Task to complete:
Any picture in the data below should be skipped, while every line is repeated exactly.

Records to process:
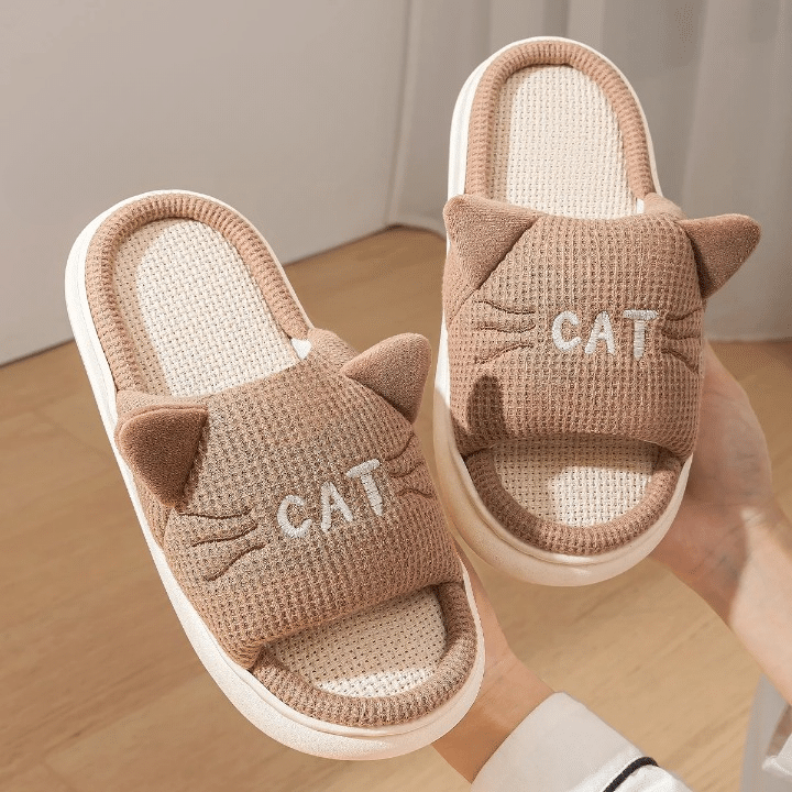 Ces chaussons chat marron été ont une forme ouverte, ce qui les rend faciles à enfiler sans effort le matin ou le soir.
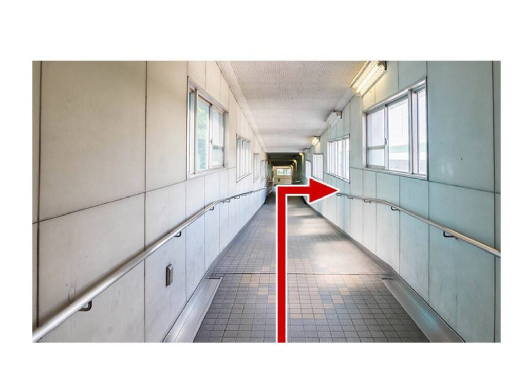 1つ目の通路を左側に曲がります。
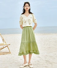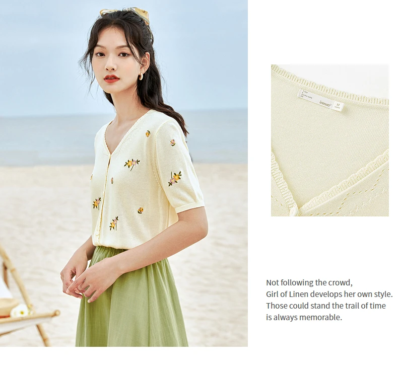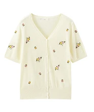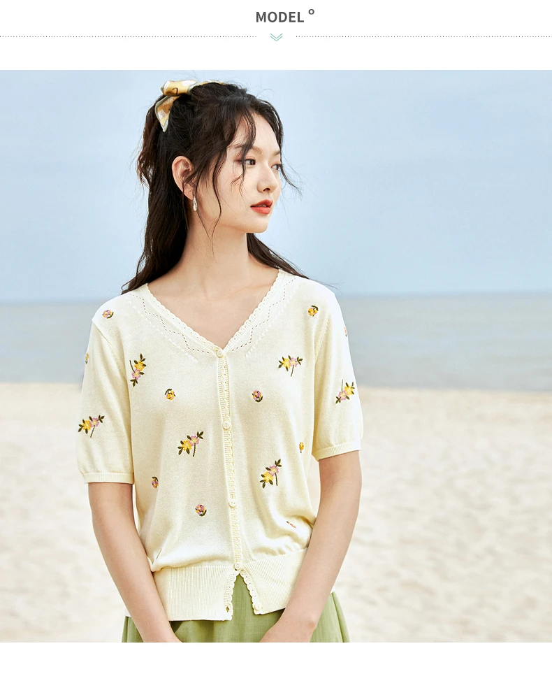 Женский тонкий пуловер с V-образным вырезом, коротким рукавом и цветочной вышивкой, летние трикотажные изделия
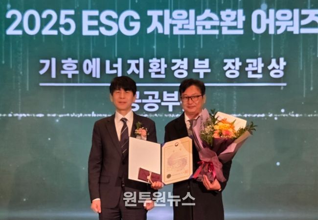 (원투원뉴스) 제주국제자유도시개발센터는 E-순환거버넌스가 주최한 ‘2025 ESG 자원순환 어워즈’에서 자원순환 우수 실천기관으로 선정돼 기후에너지환경부 장관상을 수상했다고 24일 밝혔다.
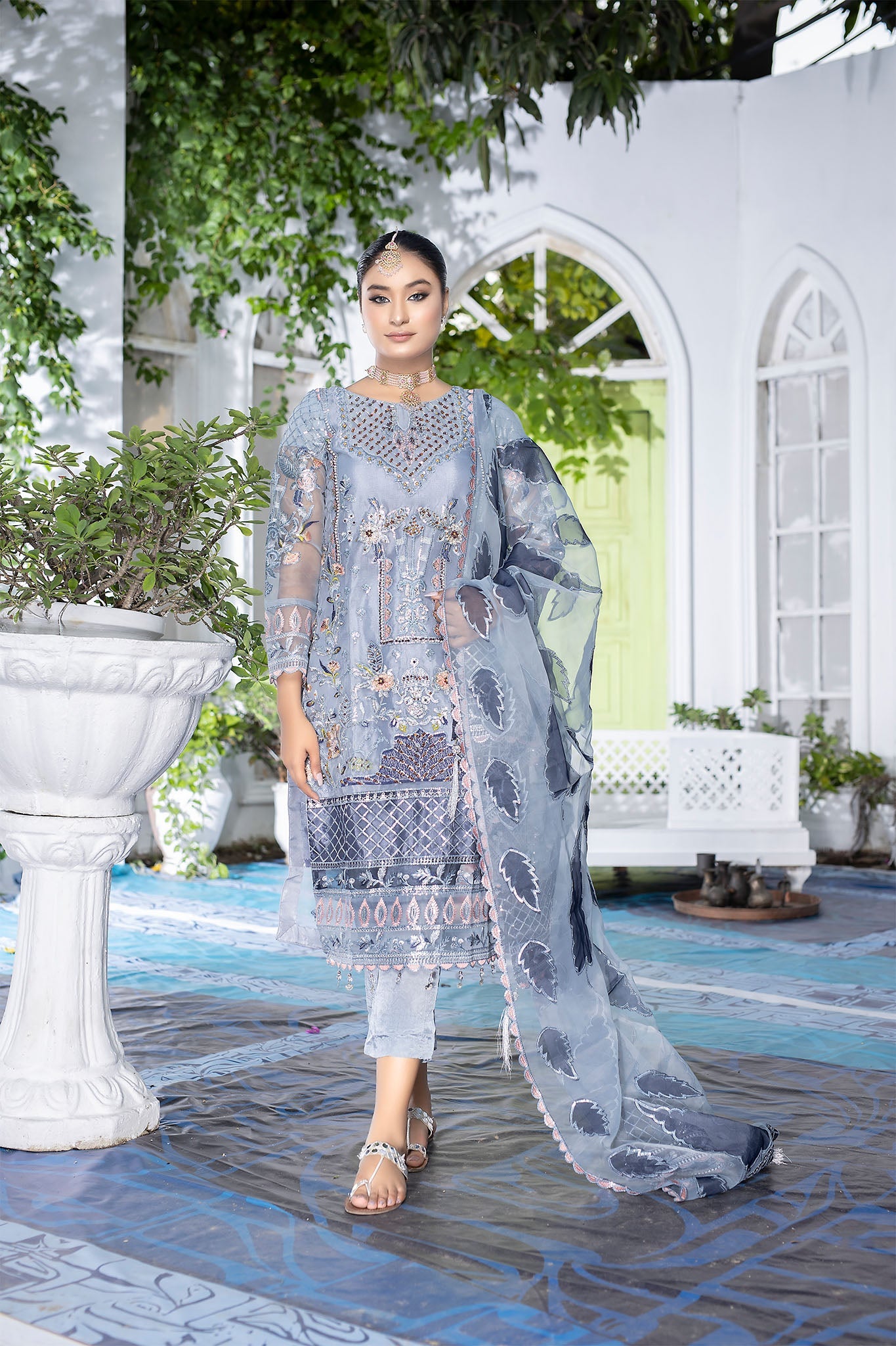 Embroidered Sequins Organza Front with Handwork Kora & Dabka work and Patch
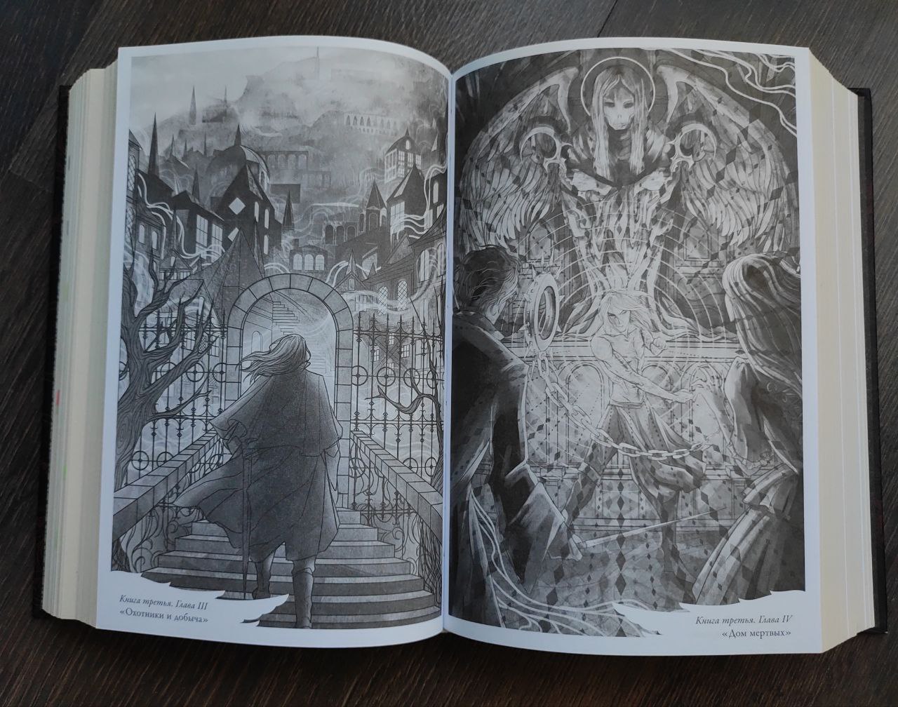 Иллюстрации, отдельно от книги, воспринимаются весьма сносно на уровне фан-артов, но как дополнение к книге они чересчур «сладко» выглядят. Ты себе представляешь грязные улицы, вонь от больных тел и запах ладана в соборах, напудренных аристократов на балу. Открываешь иллюстрацию и не понимаешь, почему там все так идеально, почему выражение лиц героев не соответствуют с описанием в книге.
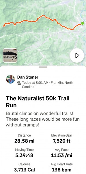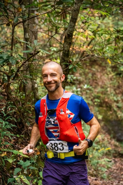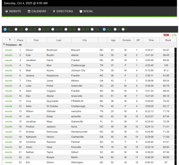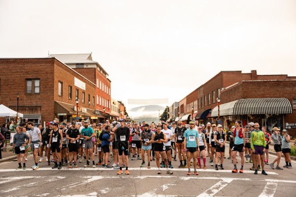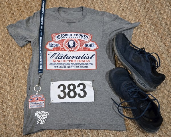 The shorter 25k race finishes on the top of Wayah Bald. The 50k runners turn around and run all the way back to town.
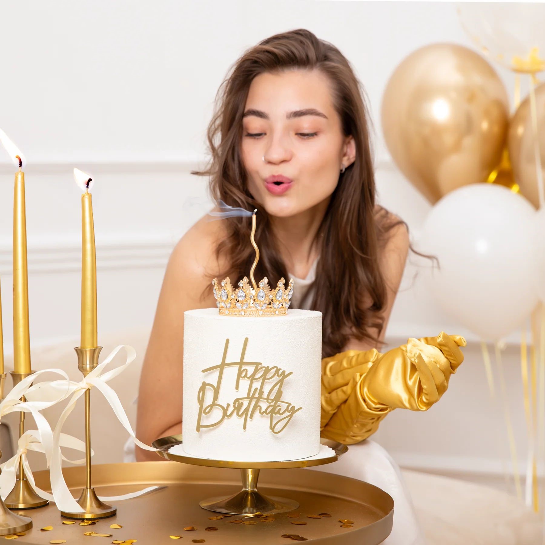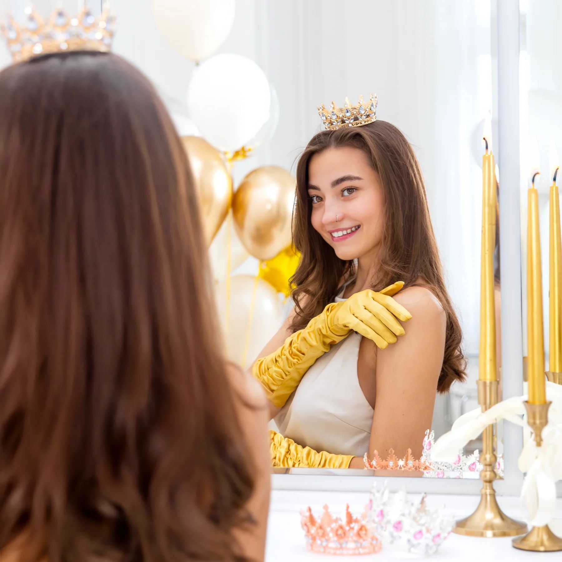 Korona w kolorze złotym ze srebrnymi kryształkami doda blasku każdemu przyjęciu, podkreślając jego wyjątkowy charakter.
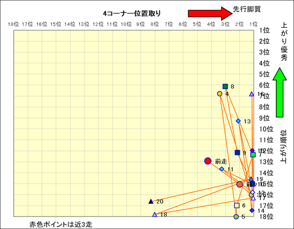 脚質解析 近20レースの4コーナーでの位置取りと上がり順位(頭数補正後) |
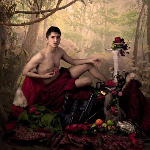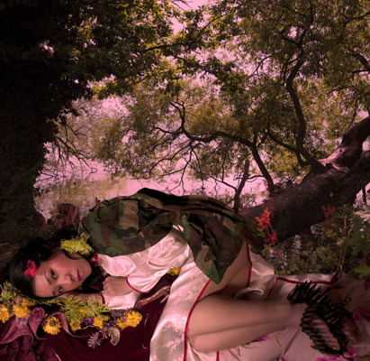 Mei Xian Qiu is a Chinese, American, and Indonesian fine art photographer whose current series, Qilin, is showing at the Koeipkin Gallery in Los Angeles through April 19, 2014. Mei’s work is rich in metaphor and meanings, and she has had tremendous success. In the following interview, she opens up about her history and how her unique visualizations came to be.How old were you when you moved to the United States, and how has being Chinese and American informed your art?I moved to the U.S when I was four to escape persecution in Indonesia. My family lived in Indonesia for three generations, since the 1880’s. Coming from a very conservative country, my parents wanted to frame their lives differently. Although they felt a certain exultation from this new freedom, they perceived the U.S. as an amoral place and not a place to raise children.Hence, they gave all their children away, and I was sent back to Indonesia. My mother separated from my father and decided she wanted her family back. She and my father began the difficult process of reclaiming their four children. Since that time, I have moved back and forth several times.Inter-culturalism is interesting and often complex. My work stems directly from being Chinese, American, and Indonesian. My view of Chinese culture is necessarily fantastical, because I grew up where being Chinese was illegal and we had no access to Chinese culture in terms of traditions or morays. At the same time, we were labeled as Chinese and persecuted. In my work, I try to create a “Chinese” history in self-reinventions — skewed and out of whack, and completely unrestricted.My main cultural identity has been American and Los Angelino, with a view towards the East like something out of a dream. My work is clearly American (as opposed to Chinese), especially in the way the subjects challenge the viewer with the directness of their gaze. When did you become an artist, and how did photography start to play a role in that? Probably from my mother’s belly! My caretakers would ask me to stop drawing and go outside to play with my friends. My life history posed questions that I had to tackle in an open handed way. Photography was an outgrowth of painting. It is an ideal medium for me because photographs bombard an average 21st century human on a daily basis, combining commercial and political propaganda with images of personal and societal history. I find this daily merging of fiction and reality interesting. I want my work to have that illusion and connection to reality. How do you like living in Los Angeles? What are the pros and cons, and is there somewhere else you would like to be? Perhaps it’s the connection to cinema, but from when I arrived in Los Angeles at sixteen, I felt this freedom — this relative tolerance of differences, ideas, and exploration. It took me a few years to get accustomed to the landscape, the colors and the even the architecture, but I’ve now acquired a deep appreciation for these characteristics. I would like to be in a lot of places. I miss Indonesia for instance, but am unsure if what I miss still exists. Your newest series Qilin and Let a Thousand Flowers Bloom have a lot of deep and diverse things going on. Can you distill for the layman what you are trying to say? A simple distillation would be that the work presents an eroticized Rorschach to view our shifting perceptions, which are impermeable and unchanging. We live in an internal self-imposed landscape of an increasingly global monoculture. Who are we and what will we become, as seemingly indigenous cultural origins become more and more attenuated? Does our view of ourselves start to resemble how others view us at its most trite, streamlined and iconic? A Qilin (Qi–male, lin–female) is an amalgamated Chinese creature, a hybrid of real and imaginary beings, and an ancient compass to the West. It pushes the work of Let a Thousand Flowers Bloom to its most dualistic, hybridist components. In the image Cherry Blossoms from this series, there is a woman beautifully dressed in front of slaughtered animals. What is the meaning of this? Did you photograph the animals or have them imported into the shot? To understand this image, it is useful to look at the general outlines of the series Let a Thousand Flowers Bloom. Mao Zedong quoted a classic Chinese poem, “Let a hundred flowers bloom. Let a hundred schools of thought contend.” In a great society, different points of view and free expression should prevail. As a result, intellectuals and artists came out of hiding, living for this “beautiful idea,” even though they must have known it would be ultimately fatalistic, by creating a utopian kernel inside a dystopian vision. The photographs portray a mock annexation of the U.S. by the Chinese, creating a hundred flowers movement here. The actors in the photographs are American artists or academics specializing in Chinese history — the very group targeted in the hundred flowers movement. The Chinese uniforms come from a Beijing photo studio where cultural revolution imagery is re-enacted by foreign tourists. The uniforms are brought home as souvenirs. In this particular image, the woman is wearing a classical Chinese dress called a qipao, considered outmoded and “anti-modern,” in contemporary China, where Western pop culture and fashion are wholeheartedly embraced. She is holding cherry blossoms, a symbol of feminine domestic power and the dominance of beauty. In image 8990, you have two gay soldiers, one Chinese and the other American, embracing in front of a deer in the forest. What is the symbolism here and did you use stock imagery for this background? If soldiers were countries, what would they do? That was my initial question, since soldiers were sometimes the only contact one country had with another. Countries courted, fought, and got into bed with one another. I used two male soldiers because I did not want gender roles to be part of what the image was a
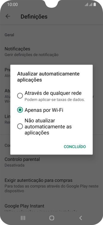 Para ativar a atualização automática de apps via Wi-Fi, prima Apenas por Wi-Fi.
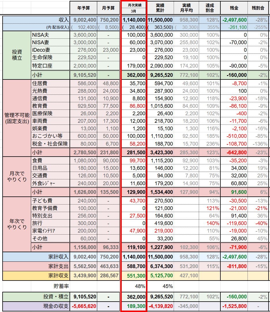 配当生活ぐだぐだ日記 / 節約・家計管理 / 家計簿 / 4人家族の家計簿・決算ボーナスが出る【2026年3月】

Answer space:
 Ces chaussons chat marron été ont une forme ouverte, ce qui les rend faciles à enfiler sans effort le matin ou le soir.
 1つ目の通路を左側に曲がります。
 Женский тонкий пуловер с V-образным вырезом, коротким рукавом и цветочной вышивкой, летние трикотажные изделия
 (원투원뉴스) 제주국제자유도시개발센터는 E-순환거버넌스가 주최한 ‘2025 ESG 자원순환 어워즈’에서 자원순환 우수 실천기관으로 선정돼 기후에너지환경부 장관상을 수상했다고 24일 밝혔다.
 Embroidered Sequins Organza Front with Handwork Kora & Dabka work and Patch
 Иллюстрации, отдельно от книги, воспринимаются весьма сносно на уровне фан-артов, но как дополнение к книге они чересчур «сладко» выглядят. Ты себе представляешь грязные улицы, вонь от больных тел и запах ладана в соборах, напудренных аристократов на балу. Открываешь иллюстрацию и не понимаешь, почему там все так идеально, почему выражение лиц героев не соответствуют с описанием в книге.
 The shorter 25k race finishes on the top of Wayah Bald. The 50k runners turn around and run all the way back to town.
 Korona w kolorze złotym ze srebrnymi kryształkami doda blasku każdemu przyjęciu, podkreślając jego wyjątkowy charakter.
 脚質解析 近20レースの4コーナーでの位置取りと上がり順位(頭数補正後) |
 Mei Xian Qiu is a Chinese, American, and Indonesian fine art photographer whose current series, Qilin, is showing at the Koeipkin Gallery in Los Angeles through April 19, 2014. Mei’s work is rich in metaphor and meanings, and she has had tremendous success. In the following interview, she opens up about her history and how her unique visualizations came to be.How old were you when you moved to the United States, and how has being Chinese and American informed your art?I moved to the U.S when I was four to escape persecution in Indonesia. My family lived in Indonesia for three generations, since the 1880’s. Coming from a very conservative country, my parents wanted to frame their lives differently. Although they felt a certain exultation from this new freedom, they perceived the U.S. as an amoral place and not a place to raise children.Hence, they gave all their children away, and I was sent back to Indonesia. My mother separated from my father and decided she wanted her family back. She and my father began the difficult process of reclaiming their four children. Since that time, I have moved back and forth several times.Inter-culturalism is interesting and often complex. My work stems directly from being Chinese, American, and Indonesian. My view of Chinese culture is necessarily fantastical, because I grew up where being Chinese was illegal and we had no access to Chinese culture in terms of traditions or morays. At the same time, we were labeled as Chinese and persecuted. In my work, I try to create a “Chinese” history in self-reinventions — skewed and out of whack, and completely unrestricted.My main cultural identity has been American and Los Angelino, with a view towards the East like something out of a dream. My work is clearly American (as opposed to Chinese), especially in the way the subjects challenge the viewer with the directness of their gaze. When did you become an artist, and how did photography start to play a role in that? Probably from my mother’s belly! My caretakers would ask me to stop drawing and go outside to play with my friends. My life history posed questions that I had to tackle in an open handed way. Photography was an outgrowth of painting. It is an ideal medium for me because photographs bombard an average 21st century human on a daily basis, combining commercial and political propaganda with images of personal and societal history. I find this daily merging of fiction and reality interesting. I want my work to have that illusion and connection to reality. How do you like living in Los Angeles? What are the pros and cons, and is there somewhere else you would like to be? Perhaps it’s the connection to cinema, but from when I arrived in Los Angeles at sixteen, I felt this freedom — this relative tolerance of differences, ideas, and exploration. It took me a few years to get accustomed to the landscape, the colors and the even the architecture, but I’ve now acquired a deep appreciation for these characteristics. I would like to be in a lot of places. I miss Indonesia for instance, but am unsure if what I miss still exists. Your newest series Qilin and Let a Thousand Flowers Bloom have a lot of deep and diverse things going on. Can you distill for the layman what you are trying to say? A simple distillation would be that the work presents an eroticized Rorschach to view our shifting perceptions, which are impermeable and unchanging. We live in an internal self-imposed landscape of an increasingly global monoculture. Who are we and what will we become, as seemingly indigenous cultural origins become more and more attenuated? Does our view of ourselves start to resemble how others view us at its most trite, streamlined and iconic? A Qilin (Qi–male, lin–female) is an amalgamated Chinese creature, a hybrid of real and imaginary beings, and an ancient compass to the West. It pushes the work of Let a Thousand Flowers Bloom to its most dualistic, hybridist components. In the image Cherry Blossoms from this series, there is a woman beautifully dressed in front of slaughtered animals. What is the meaning of this? Did you photograph the animals or have them imported into the shot? To understand this image, it is useful to look at the general outlines of the series Let a Thousand Flowers Bloom. Mao Zedong quoted a classic Chinese poem, “Let a hundred flowers bloom. Let a hundred schools of thought contend.” In a great society, different points of view and free expression should prevail. As a result, intellectuals and artists came out of hiding, living for this “beautiful idea,” even though they must have known it would be ultimately fatalistic, by creating a utopian kernel inside a dystopian vision. The photographs portray a mock annexation of the U.S. by the Chinese, creating a hundred flowers movement here. The actors in the photographs are American artists or academics specializing in Chinese history — the very group targeted in the hundred flowers movement. The Chinese uniforms come from a Beijing photo studio where cultural revolution imagery is re-enacted by foreign tourists. The uniforms are brought home as souvenirs. In this particular image, the woman is wearing a classical Chinese dress called a qipao, considered outmoded and “anti-modern,” in contemporary China, where Western pop culture and fashion are wholeheartedly embraced. She is holding cherry blossoms, a symbol of feminine domestic power and the dominance of beauty. In image 8990, you have two gay soldiers, one Chinese and the other American, embracing in front of a deer in the forest. What is the symbolism here and did you use stock imagery for this background? If soldiers were countries, what would they do? That was my initial question, since soldiers were sometimes the only contact one country had with another. Countries courted, fought, and got into bed with one another. I used two male soldiers because I did not want gender roles to be part of what the image was a
 Para ativar a atualização automática de apps via Wi-Fi, prima Apenas por Wi-Fi.
 配当生活ぐだぐだ日記 / 節約・家計管理 / 家計簿 / 4人家族の家計簿・決算ボーナスが出る【2026年3月】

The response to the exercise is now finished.